24 October 2019 – The South African Football Association (SAFA) has partnered with Inqaku and Praekelt to launch a WhatsApp chat service that gives thousands of FIFA-registered footballers and amateur clubs the information they need to get on with the game. Not only is this a first in South Africa, but it makes SAFA the first football association in the world to integrate its membership system and allow player verification on WhatsApp.

“With the growth of MYSAFA and its new connection to WhatsApp, the Association is no longer just following global sport innovations, we are driving them” said SAFA President Danny Jordaan.

When we hear the name SAFA, we tend to think of Bafana Bafana and the few hundred players in the PSL, but the reality is that MYSAFA recently registered over 330,000 players, logged 125,000 fixtures and has the potential to help tens of thousands of clubs across SA.

Each player on MYSAFA is issued with a FIFA ID number that acts as their digital passport and make it easier for amateur clubs to claim Solidarity Payments – 5% of international transfer fees that are due to clubs that big-time players represented before the age of 23. Over the past 10 years, more than $1 billion in solidarity payments and training compensation has gone unpaid.

The flagship feature of the MYSAFA WhatsApp chat service is the verification of player ID cards. Now, match officials, coaches and supporters can use WhatsApp to check whether the players on the pitch during a high-stakes match are the ones that are registered and cleared to play.

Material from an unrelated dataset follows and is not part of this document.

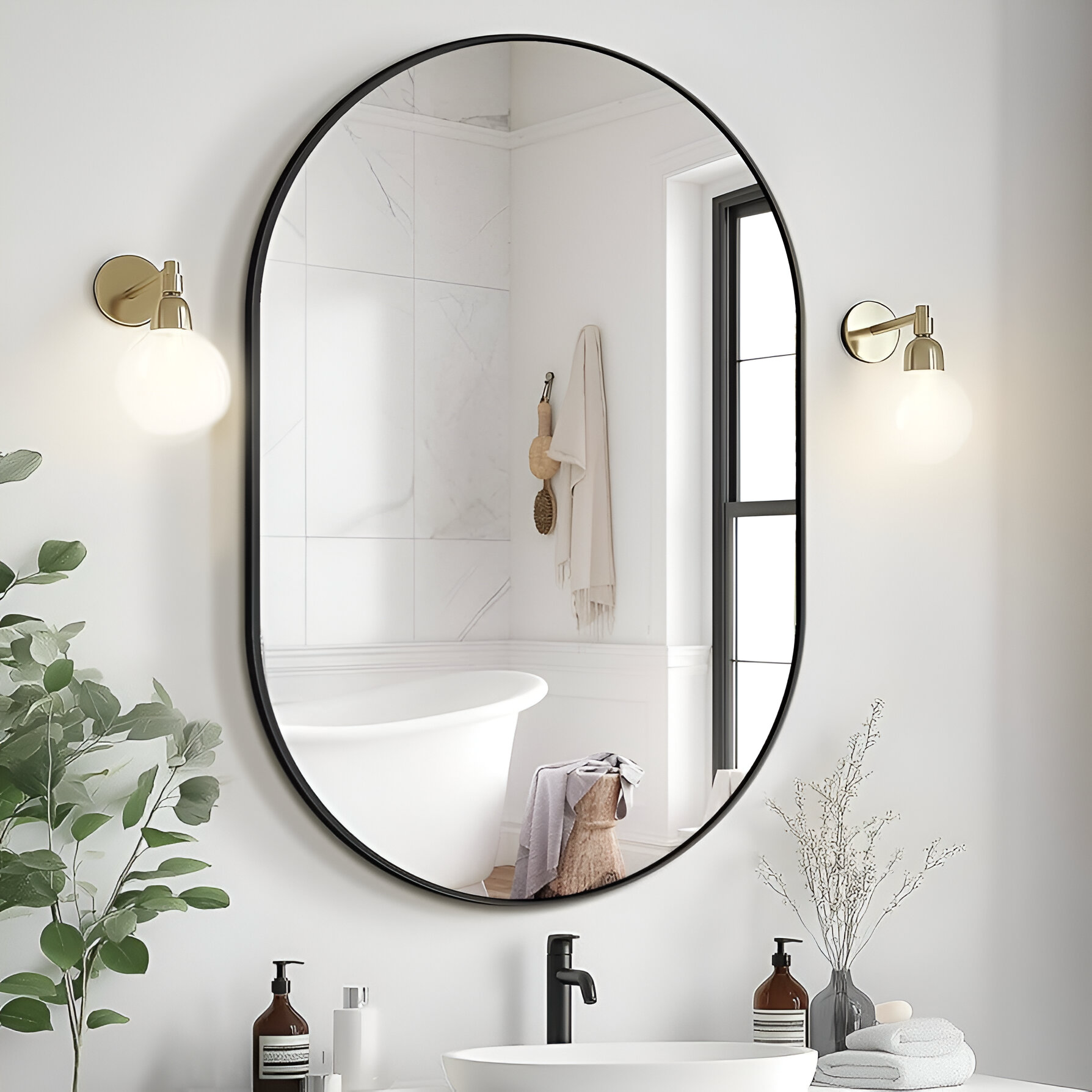 מראה אובלית דקה עם מסגרת בגוון שחור מט

MYSAFA’s WhatsApp platform was built with Praekelt’s Feersum Engine, an AI-powered conversational interface that creates Intelligent Assistants with the ability to reach millions of users through automated messaging. While MYSAFA’s current offering delivers card verification, fixtures, results, league tables, and player information to the current user base, future releases will have many more features and the potential to reach over 2.5 million amateur footballers and 27 million fans in South Africa.

We could soon see field locators, team chat, fan clubs, anti-cheating capabilities, insurance benefits, discounted purchases, commentary, and crowd-sourced results that expand the user base to administrators and supporters of local football.

The first feature set is being trialed in English in Nelson Mandela Bay, and could soon be available 10 other languages thanks to Natural Language Understanding.

“Once again we are thrilled to lead the way with another SAFA digital initiative,” said SAFA NMB President, Simphiwe Mkhangelwa. “I expect that every one of our players will be checking their fixtures and logs on at least a weekly basis.”


Inqaku – SAFA’s technology partner – sources and creates software that organises communities, and brings them together.

Praekelt’s Feersum Engine is an AI-powered conversational platform that builds Intelligent Assistants with the ability to chat to millions of users in multiple local languages.